## Raw data
+-------+

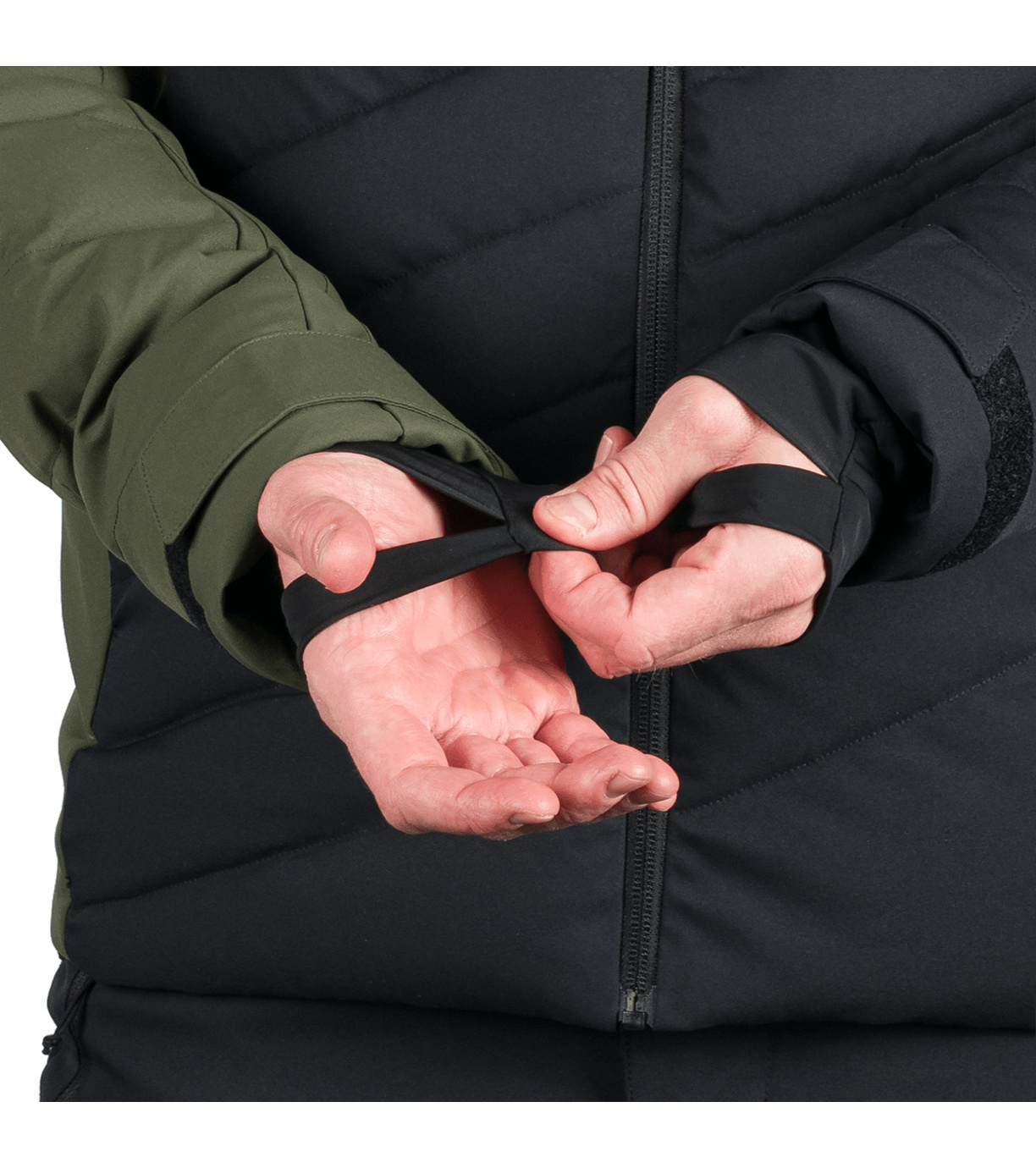 Všitá ochraná sněhová manžeta, která zabraňuje pronikání sněhu pod oděv. Ve spodní části je našita elastická protismyková guma.
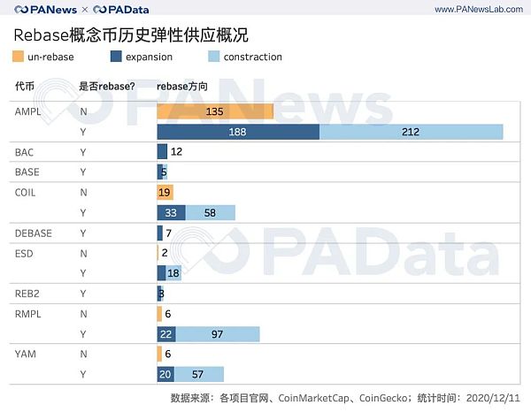 PAData分析了9种Rebase概念币的弹性供应情况,这里为了统一观察,假设弹性调整周期都为24小时,而实际上,一些概念币的弹性调整周期小于24小时,因此统计数值可能比实际偏小,分析结果只具有一定的参考性。
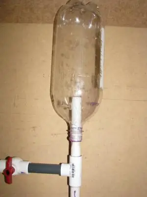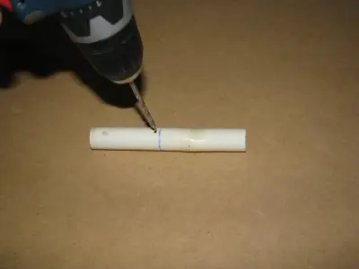 Además, a la parte del tubo que va a quedar dentro de la botella, le haremos unos agujeros con un taladro, para ayudar a drenar el agua de la base del depósito.
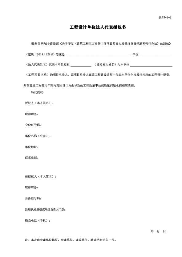 表格名称:表A5-1-2 工程设计单位法人代表授权书
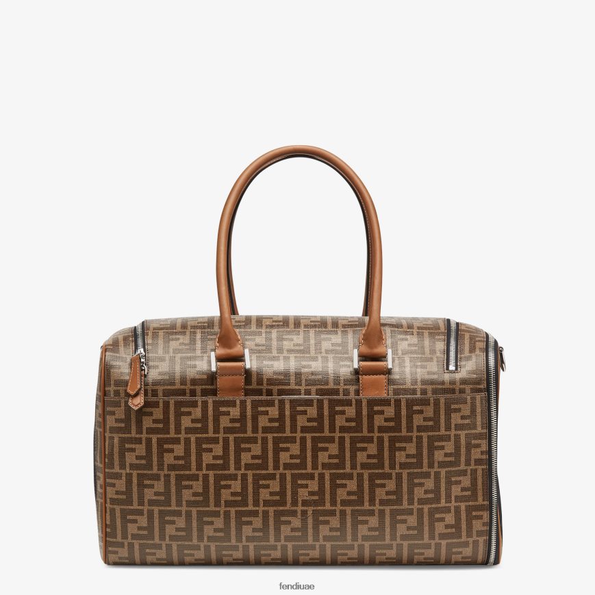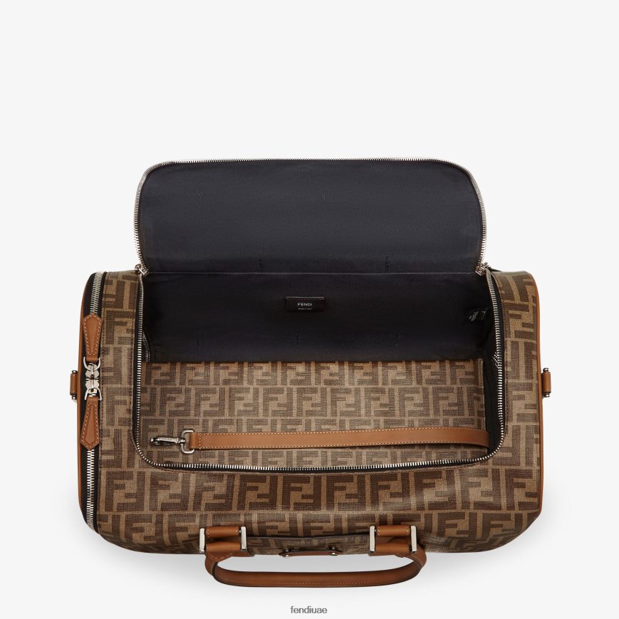 حاملة للكلاب بمقبض مزدوج وحزام كتف منسوج قابل للفصل. فتحتان بسحاب منزلق مزدوج وإدخالات شبكية على الجانبين. مصنوعة من القماش بزخارف ff باللون البني والتبغ، ومزينة بتفاصيل جلدية وعلامة قابلة للتخصيص تتميز بوسادة قماش ff قابلة للإزالة. أدوات معدنية مطلية بالبلاديوم.

+-------+

## Work instructions
Only the lines from the one containing "PAData分析了9种Reb" through the end of the records should be copied, exactly and with both ends included; the pictures should not.

## Finished exercise
 PAData分析了9种Rebase概念币的弹性供应情况,这里为了统一观察,假设弹性调整周期都为24小时,而实际上,一些概念币的弹性调整周期小于24小时,因此统计数值可能比实际偏小,分析结果只具有一定的参考性。
 Además, a la parte del tubo que va a quedar dentro de la botella, le haremos unos agujeros con un taladro, para ayudar a drenar el agua de la base del depósito.
 表格名称:表A5-1-2 工程设计单位法人代表授权书
 حاملة للكلاب بمقبض مزدوج وحزام كتف منسوج قابل للفصل. فتحتان بسحاب منزلق مزدوج وإدخالات شبكية على الجانبين. مصنوعة من القماش بزخارف ff باللون البني والتبغ، ومزينة بتفاصيل جلدية وعلامة قابلة للتخصيص تتميز بوسادة قماش ff قابلة للإزالة. أدوات معدنية مطلية بالبلاديوم.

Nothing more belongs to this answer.